Adding Another VPN Site (ASA + IOS)
To add another site-to-site tunnel (e.g., from ASA to another branch), you repeat the crypto ACL and crypto map process with new access lists and transform set entries. On ASA, this means defining a second crypto map entry and corresponding NAT exemption:
access-list CRYPTO-ACL-2 permit ip 10.10.9.0 255.255.255.0 10.12.120.0 255.255.255.0 crypto map CMAP 20 match address CRYPTO-ACL-2 crypto map CMAP 20 set peer 198.51.100.1 crypto map CMAP 20 set ikev1 transform-set TS
Manual NAT is updated to include:
object network LAN3 subnet 10.12.120.0 255.255.255.0 exit nat (inside,outside) source static LAN1 LAN1 destination LAN3 LAN3
And the new tunnel-group:
tunnel-group 198.51.100.1 type ipsec-l2l tunnel-group 198.51.100.1 ipsec-attributes ikev1 pre-shared-key cisco123 exit
Concepts and Best Practices
A tunnel-group on ASA is conceptually equivalent to an ISAKMP profile on IOS. It acts like a connection catcher, applying peer-specific attributes during phase 1 negotiation. In ASDM, this is referred to as a Connection Profile.

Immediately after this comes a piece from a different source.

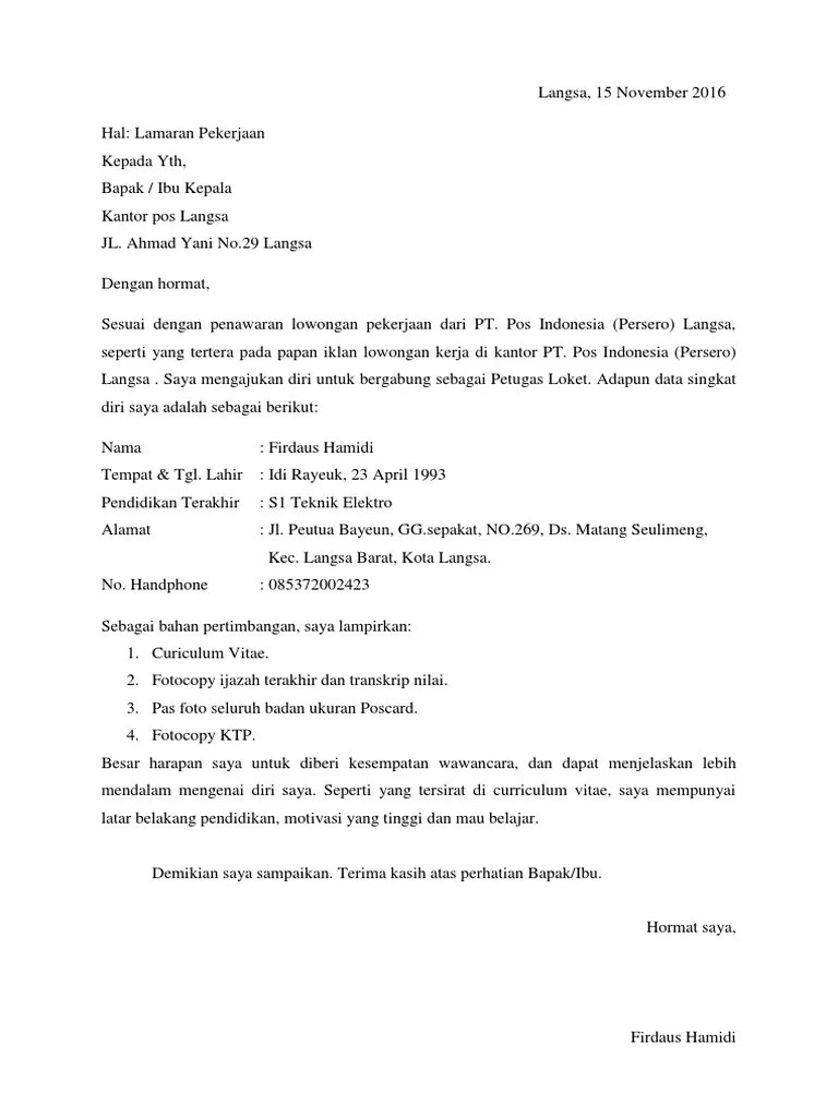Pas foto 3x4 berwarna terbaru (2 lembar) · 2. Berdasarkan informasi lowongan pekerjaan yang . Besar harapan saya agar bapak/ ibu hrd berkenan untuk mempertimbangkan saya untuk menempati . Bersama dengan ini saya mengajukan lamaran pekerjaan pada posisi staff administrasi di pt indorasa jayaku perusahaan yang bapak/ibu pimpin. Foto copy ijazah terakhir 1 lembar · foto copy transkrip nilai 1 lembar · foto copy ktp 1 .

To allow traffic to route through a tunnel and return to another branch via the same ASA (a “U-turn” scenario), enable:
same-security-traffic permit intra-interface
Additionally, ensure that you update the crypto ACLs to allow traffic to pass between multiple LANs.
Two invaluable troubleshooting tools:
- packet-tracer to simulate traffic and verify tunnel paths.
- show crypto isakmp sa detail to check if the tunnel is forming and what phase it’s in.
This overview should provide a solid foundation for building and comparing VPN configurations across Cisco ASA and IOS platforms. The nuances in syntax and logic make a big difference in real-world deployments, especially when NAT, ACLs, and multi-site connectivity are involved.